BRIEF — Output only the stretch of the listing that starts at the line containing "2014年10月中轻工艺美术" and ends at the line containing "WANBOYA ウミガメ ウォールアート", reproduced exactly with both ends.

DATA LISTING —

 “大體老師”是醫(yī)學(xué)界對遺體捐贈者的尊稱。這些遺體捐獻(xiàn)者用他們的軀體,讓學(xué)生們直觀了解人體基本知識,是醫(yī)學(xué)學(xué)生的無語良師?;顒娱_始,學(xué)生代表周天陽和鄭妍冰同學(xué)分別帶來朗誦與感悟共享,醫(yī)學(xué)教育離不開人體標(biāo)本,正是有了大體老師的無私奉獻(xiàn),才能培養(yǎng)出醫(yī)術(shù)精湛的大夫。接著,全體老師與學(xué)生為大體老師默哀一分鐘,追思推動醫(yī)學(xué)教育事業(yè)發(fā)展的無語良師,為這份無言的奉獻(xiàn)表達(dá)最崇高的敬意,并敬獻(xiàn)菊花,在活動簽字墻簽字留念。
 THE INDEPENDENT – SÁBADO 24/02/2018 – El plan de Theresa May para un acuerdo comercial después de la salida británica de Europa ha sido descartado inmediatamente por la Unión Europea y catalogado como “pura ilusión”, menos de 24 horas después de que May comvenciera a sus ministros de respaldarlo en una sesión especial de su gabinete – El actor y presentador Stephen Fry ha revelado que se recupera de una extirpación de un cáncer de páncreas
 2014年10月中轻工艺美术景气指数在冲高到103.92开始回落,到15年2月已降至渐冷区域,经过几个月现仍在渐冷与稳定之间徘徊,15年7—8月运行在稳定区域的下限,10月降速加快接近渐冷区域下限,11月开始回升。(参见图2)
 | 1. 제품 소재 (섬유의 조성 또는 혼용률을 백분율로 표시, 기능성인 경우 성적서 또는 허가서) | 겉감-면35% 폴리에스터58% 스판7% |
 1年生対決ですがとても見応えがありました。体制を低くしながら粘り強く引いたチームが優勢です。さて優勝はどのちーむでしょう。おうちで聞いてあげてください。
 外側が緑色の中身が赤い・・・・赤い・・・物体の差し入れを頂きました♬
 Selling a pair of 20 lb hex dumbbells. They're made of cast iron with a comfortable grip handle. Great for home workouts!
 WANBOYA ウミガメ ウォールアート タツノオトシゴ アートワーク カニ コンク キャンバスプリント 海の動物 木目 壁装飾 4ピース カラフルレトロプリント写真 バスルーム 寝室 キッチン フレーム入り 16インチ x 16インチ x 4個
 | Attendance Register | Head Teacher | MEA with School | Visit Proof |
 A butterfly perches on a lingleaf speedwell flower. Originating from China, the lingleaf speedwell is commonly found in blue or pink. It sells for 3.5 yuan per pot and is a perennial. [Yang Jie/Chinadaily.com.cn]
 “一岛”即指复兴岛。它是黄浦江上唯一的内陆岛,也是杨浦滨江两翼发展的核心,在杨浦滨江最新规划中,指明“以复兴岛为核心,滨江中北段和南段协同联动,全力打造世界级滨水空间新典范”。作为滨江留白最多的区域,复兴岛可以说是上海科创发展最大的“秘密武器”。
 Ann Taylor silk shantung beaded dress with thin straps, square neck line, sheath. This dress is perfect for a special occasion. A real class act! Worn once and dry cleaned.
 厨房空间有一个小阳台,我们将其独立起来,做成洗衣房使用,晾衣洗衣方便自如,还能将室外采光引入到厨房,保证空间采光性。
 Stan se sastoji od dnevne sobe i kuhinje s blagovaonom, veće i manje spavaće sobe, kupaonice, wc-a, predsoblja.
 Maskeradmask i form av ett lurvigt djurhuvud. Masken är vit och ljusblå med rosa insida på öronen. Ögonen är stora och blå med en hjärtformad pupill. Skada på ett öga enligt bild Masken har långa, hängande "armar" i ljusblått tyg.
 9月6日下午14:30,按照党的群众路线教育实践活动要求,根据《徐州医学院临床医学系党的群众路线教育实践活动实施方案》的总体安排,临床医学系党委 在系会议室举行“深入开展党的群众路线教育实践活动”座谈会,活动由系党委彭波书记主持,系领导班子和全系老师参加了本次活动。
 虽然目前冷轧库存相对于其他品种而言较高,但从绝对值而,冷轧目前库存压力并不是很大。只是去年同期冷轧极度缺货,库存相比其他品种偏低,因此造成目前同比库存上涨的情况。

REPLY —
 2014年10月中轻工艺美术景气指数在冲高到103.92开始回落,到15年2月已降至渐冷区域,经过几个月现仍在渐冷与稳定之间徘徊,15年7—8月运行在稳定区域的下限,10月降速加快接近渐冷区域下限,11月开始回升。(参见图2)
 | 1. 제품 소재 (섬유의 조성 또는 혼용률을 백분율로 표시, 기능성인 경우 성적서 또는 허가서) | 겉감-면35% 폴리에스터58% 스판7% |
 1年生対決ですがとても見応えがありました。体制を低くしながら粘り強く引いたチームが優勢です。さて優勝はどのちーむでしょう。おうちで聞いてあげてください。
 外側が緑色の中身が赤い・・・・赤い・・・物体の差し入れを頂きました♬
 Selling a pair of 20 lb hex dumbbells. They're made of cast iron with a comfortable grip handle. Great for home workouts!
 WANBOYA ウミガメ ウォールアート タツノオトシゴ アートワーク カニ コンク キャンバスプリント 海の動物 木目 壁装飾 4ピース カラフルレトロプリント写真 バスルーム 寝室 キッチン フレーム入り 16インチ x 16インチ x 4個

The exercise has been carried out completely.